A little bit late, yet here it is – a poem of Isolation, as prompted by Robert at Poetic Asides at the regular Wednesday prompt this week:


And, then, again,

In perfect isolation

I go from guessing to believing

That faking is not killing.

Author: soul mary

Writer, poet and reader

6 thoughts on “Isolation, as prompted by Robert at Poetic Asides”

  1. Ah, faking is NOT killing, except of expectations, I suppose. There are far worse, more effective ways to kill.

    I miss hearing your voice, so glad you stopped by, Mariya. I’ve been doing Three Word Weds. and ABC Wednesday lately, to build my blog traffic, which is why I’ve not been on PA lately.

    Peace, Amy

  2. In a short poem like this, there is more pressure on every syllable, and I like how the rhythm picks up toward the end!
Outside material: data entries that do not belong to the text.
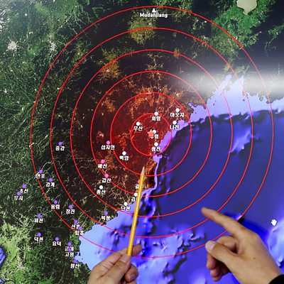 Interview with UK's UN ambassador; Greeks get "humanitarian aid"; BMW Brexit email (Photo shows seismic waves observed during a media briefing at Korea Meteorological Admin. in Seoul; credit Reuters).
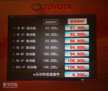 廣汽豐田新雅力士共推出了1.3E魅動版手動擋和自動擋、1.6E魅動版手動擋和自動擋、1.6G炫動版手動擋和自動擋、1.6GS銳動版自動擋等共7款車型。
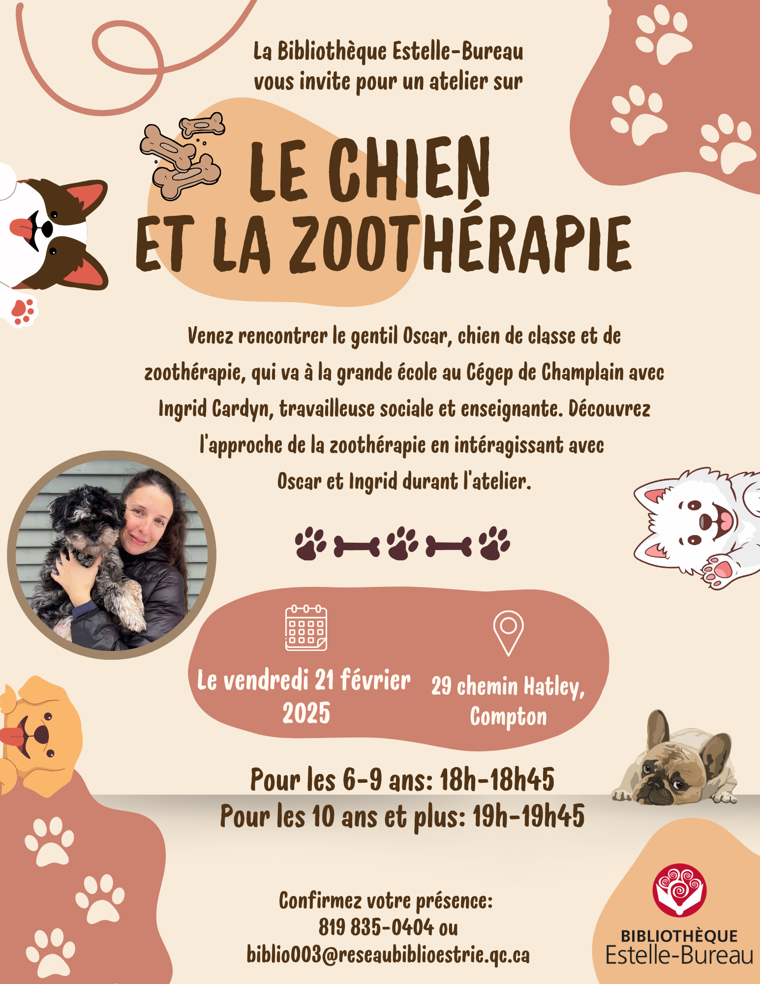 Venez rencontrer le petit Oscar, chien de classe et de zoothérapie, qui va à la grande école au Cégep de Champlain avec Ingrid Cardyn, travailleuse sociale et enseignante. Découvrez l’approche de la zoothérapie en interagissant avec Oscar et Ingrid durant l’atelier.

It’s like a little crescendo. Nice!

  3. Adi – you are so nice! How do you come up with such words, I wonder?
    I always want to say encouraging things about other people’s poems that I like, without being general, yet… I can’t seem to know how to get into specifics.
    Thank you, again!

  4. This is really an interesting question. I’ve taken three poetry workshops in the past 2 years, and I have to tell you that commenting on other people’s poems was harder than writing my own poems! It IS hard to say something meaningful that isn’t a generalization or a cliche! My remedy is to read the poem several times until I can identify at least one specific image/word/poetic device/THING that I like and that I can explain WHY I like it. Of course it doesn’t always work 🙂

    The other “trick” of mine is to think about someone else’s poem in terms of how *I* would have written the same poem, and talk about that. It works both in terms of encouragement for things I like and suggestions for revision.

  5. Adi – good practical advice. I’ll try it.
    Uhm, I think, sometimes I am worried that perhaps I will have misunderstood the author and my comment might come as an insulting ignorance instead of encouragement.
    But, maybe, I worry too much and too unnecessarily. Any idea about that? A workshop or conference will do me good, I believe, yet here I won’t attend such an event.